PROBLEM DESCRIPTION
Return the lines of the listing below exactly as they appear, beginning at the one with "<p>Tourists Never See" and stopping after the one with "Расширенные возможности: Комплект"; do not include pictures.

INPUT RECORDS
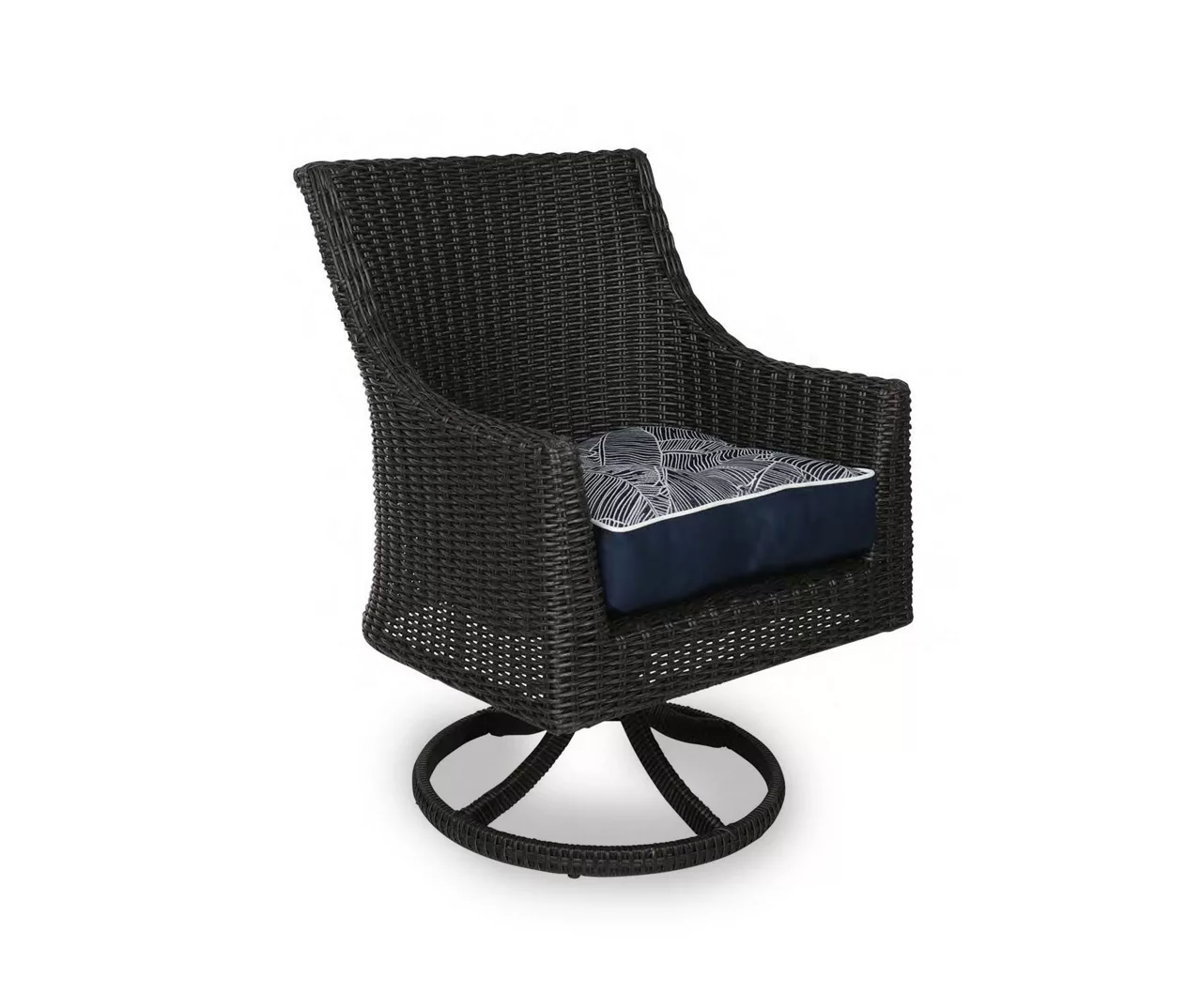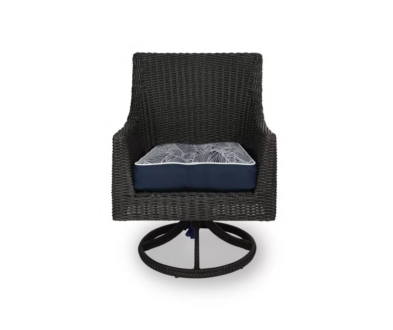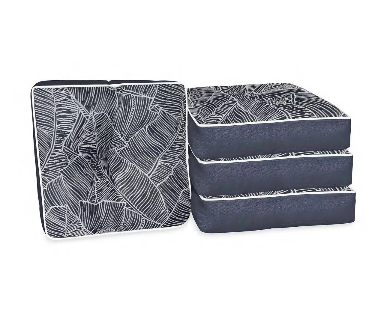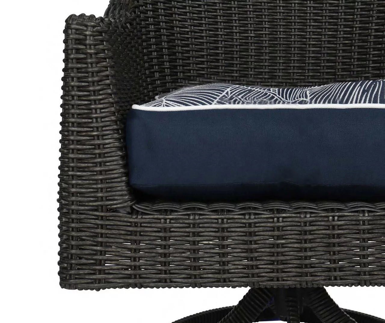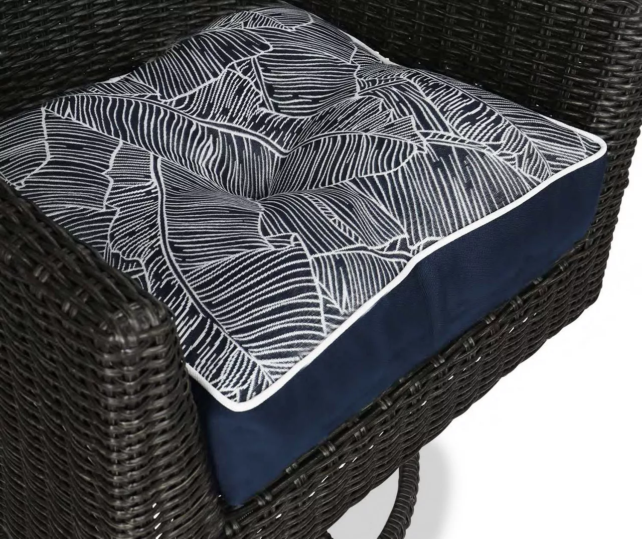 - Navy blue and white banana leaf pattern seat tops with solid navy blue sides
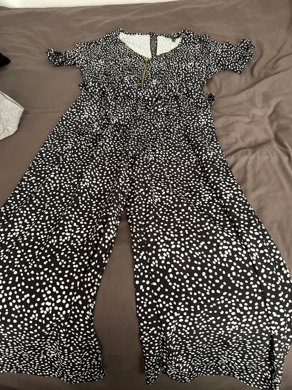 The Lipsy Black Polka Dot Jumpsuit is available in sizes L.
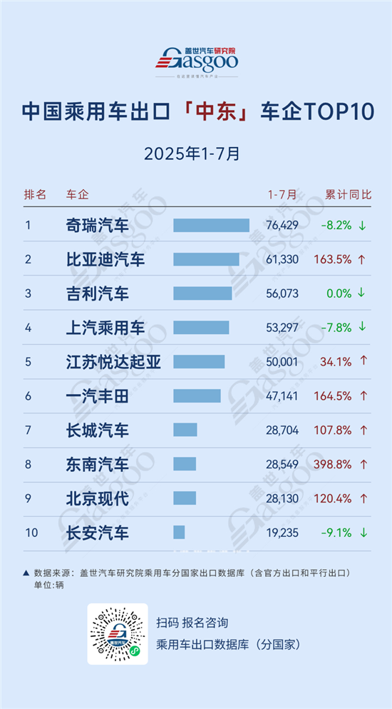 NO.10长安汽车。2025年1-7月,向中东出口19,235辆,累计同比减少9.1%。
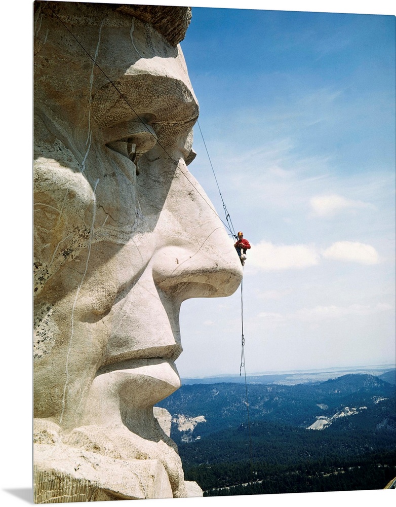 <p>Tourists Never See Mount Rushmore from the Top. Looking more like a pesky fly than a repairman, Mike O'Mera check's Lincoln's nose for cracks in the granite. Even the rugged images of Mount Rushmore require their regular facials.</p>
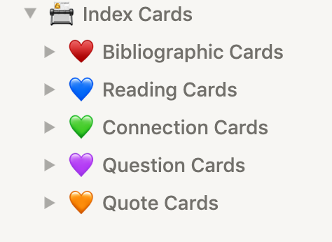 Readings Index Card collection is made in the same vein as the Bibliographic Index Card Collection. Here is what mine looks like:
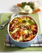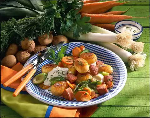 Fry potatoes in hot oil for about 5 minutes, season with salt and pepper. Add vegetables, fry for 10 minutes. Dice sausage and fry briefly. Season. Arrange everything
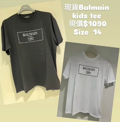 現貨Balmain kids tee 現價$1090 Size 14 建議可先Whats app 60159909 跟店員查詢存貨/碼數狀態及最新價格。 下單後同事會聯絡跟進訂單,下單前請註明尺碼。 如需要包裝例如:盒、紙袋等,請購買前詢問清楚,一般現貨沒有專門店紙袋! 包郵順豐(只限香港地區順豐站/👉🏻智能櫃) /尖沙咀或深水埗地鐵交收(就時間)/ 尖沙咀門市只供取貨 (要預約)
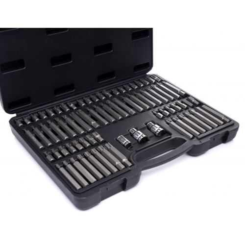 Расширенные возможности: Комплект содержит насадки разной длины – 30 мм и 75 мм, что позволяет легко достигать даже труднодоступных мест. Вас ждут 8 бит RIBE (R5/R6/R7/R8/R9/R10/R12/R14) , 5 шлицевых сверл- SPLINE (M5/M6/M8/M10/M12), и 6 шестигранных ключей-IMBUS (H4/H5 /H6/H7/H8/H12) .
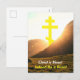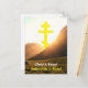 Carte de vœux de vacances de Pâques qui dit "Christ est ressuscité" "En vérité, il est ressuscité" - une salutation pascale parmi les chrétiens pendant les vacances de Pâques. La carte porte la croix orthodoxe orientale dessus.
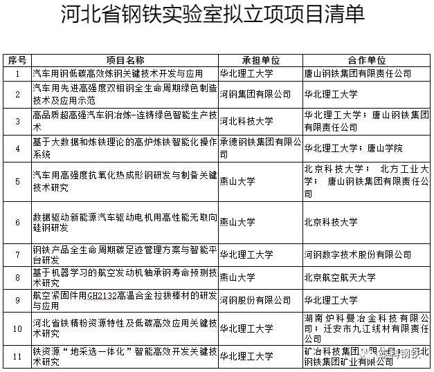 按照《河北省省级科技计划项目管理办法》等有关规定,省科技厅组织了河北省钢铁实验室研发项目评审工作,现对拟立项项目进行公示(见附件)。公示期为5天,公示时间为2023年10月19日-23日。 对公示结果有异议的,请于公示期内以书面形式向河北省科学技术厅反映,逾期不予受理。凡以单位名义反映情况的材料需要加盖单位公章,以个人名义反映情况的材料应署实名并附联系方式,不受理匿名材料。 通信地址:石家庄市裕华东路105号科技大厦1237房间 收 件 人:河北省科学技术厅科技平台与基础研究处 联系方式:0311-85891978 监督电话:0311-86252318 河北省科学技术厅 2023年10月19日
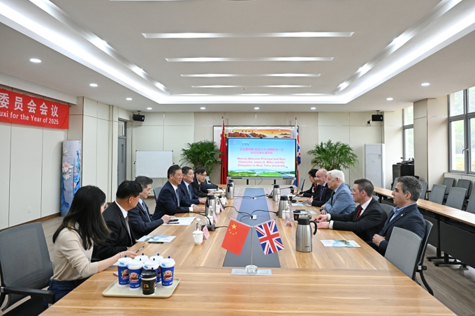 4月7日至8日,英国西苏格兰大学James Miller校长,Marcus Ross副校长,工学院Gordon Morison院长,国际办公室陈君主任一行四人代表团应邀来beat365访问交流。西苏格兰大学代表团受到了beat365理事长金秋萍、执行校长李廉水的亲切接见,双方开展了一系列卓有成效的会晤与交流,进一步拓展深化了两校间的合作交流,取得了丰硕的成果。
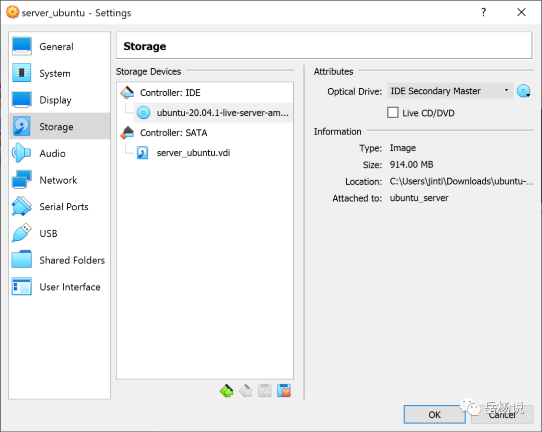然后到Storage->Controller: IDE: 选择镜像光盘,这里一开始是Empty,选中后在Attributes 点击光盘符号然后选中下载到Ubuntu server镜像文件,之后会看到信息在Information那里显示。
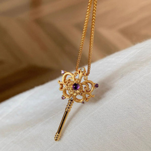 小红书爆款中古拉丝魔法棒吊坠挂件高级小众独特项链饰品一件代发
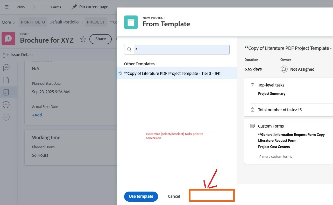 Description - Option to Customize Template when Converting Issue from a Template (and when creating a Project from a Template)
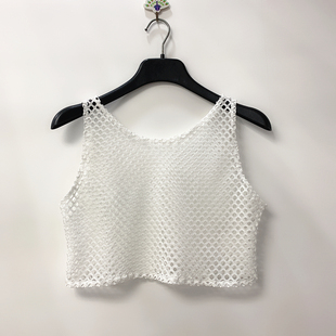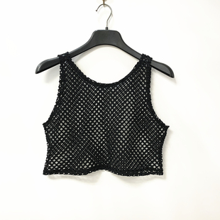 蕾丝衫 欧美夏新品 网格镂空半身上衣宽松露腰网眼渔网角色扮演时尚
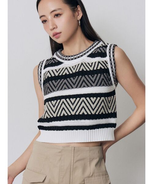 コーデの主役!柄ニットタンク 編地で演出した程よい抜け感もポイント◎ ■アイテム 立体感のある糸を使用した、存在感のあるニットタンク。 コンセプトらしいトライバル柄をベースに、柄の間にクロシェ編みを入れることでメリハリのある表情に仕上げました。 配色にもこだわり、1枚でコーデの主役になるデザインです。 ボディに程よくフィットするシルエットで、インでもアウトでもバランス良く着用できます。 凹凸感のある編地が特徴のニット素材を使用し、軽さと着心地の良さもポイントです。 デニムやフレアパンツ合わせでカジュアルに、ジャケットインでモードにまとめるのもおすすめです。 --------------------------------------------- 透け感:あり 生地の厚さ:普通 裏地:無し 伸縮性:あり -------------------------------------------- 【知って得する便利機能◎ 】 ■商品のお気に入り登録 再入荷時、ラスト1点の時、セール開始時にお知らせします。 ■ブランドのお気に入り登録 新商品やセール情報など、いち早くお得な情報をゲット! ぜひご活用ください! ※着用画像はフラッシュの加減で実際の製品と色味等が異なる場合がございますので、生地のズームアップ画像をご確認ください。 ※ご利用の端末画面の設定により実際の商品と色味が異なる場合がございます。

ANSWER TO THE PROBLEM
 <p>Tourists Never See Mount Rushmore from the Top. Looking more like a pesky fly than a repairman, Mike O'Mera check's Lincoln's nose for cracks in the granite. Even the rugged images of Mount Rushmore require their regular facials.</p>
 Readings Index Card collection is made in the same vein as the Bibliographic Index Card Collection. Here is what mine looks like:
 Fry potatoes in hot oil for about 5 minutes, season with salt and pepper. Add vegetables, fry for 10 minutes. Dice sausage and fry briefly. Season. Arrange everything
 現貨Balmain kids tee 現價$1090 Size 14 建議可先Whats app 60159909 跟店員查詢存貨/碼數狀態及最新價格。 下單後同事會聯絡跟進訂單,下單前請註明尺碼。 如需要包裝例如:盒、紙袋等,請購買前詢問清楚,一般現貨沒有專門店紙袋! 包郵順豐(只限香港地區順豐站/👉🏻智能櫃) /尖沙咀或深水埗地鐵交收(就時間)/ 尖沙咀門市只供取貨 (要預約)
 Расширенные возможности: Комплект содержит насадки разной длины – 30 мм и 75 мм, что позволяет легко достигать даже труднодоступных мест. Вас ждут 8 бит RIBE (R5/R6/R7/R8/R9/R10/R12/R14) , 5 шлицевых сверл- SPLINE (M5/M6/M8/M10/M12), и 6 шестигранных ключей-IMBUS (H4/H5 /H6/H7/H8/H12) .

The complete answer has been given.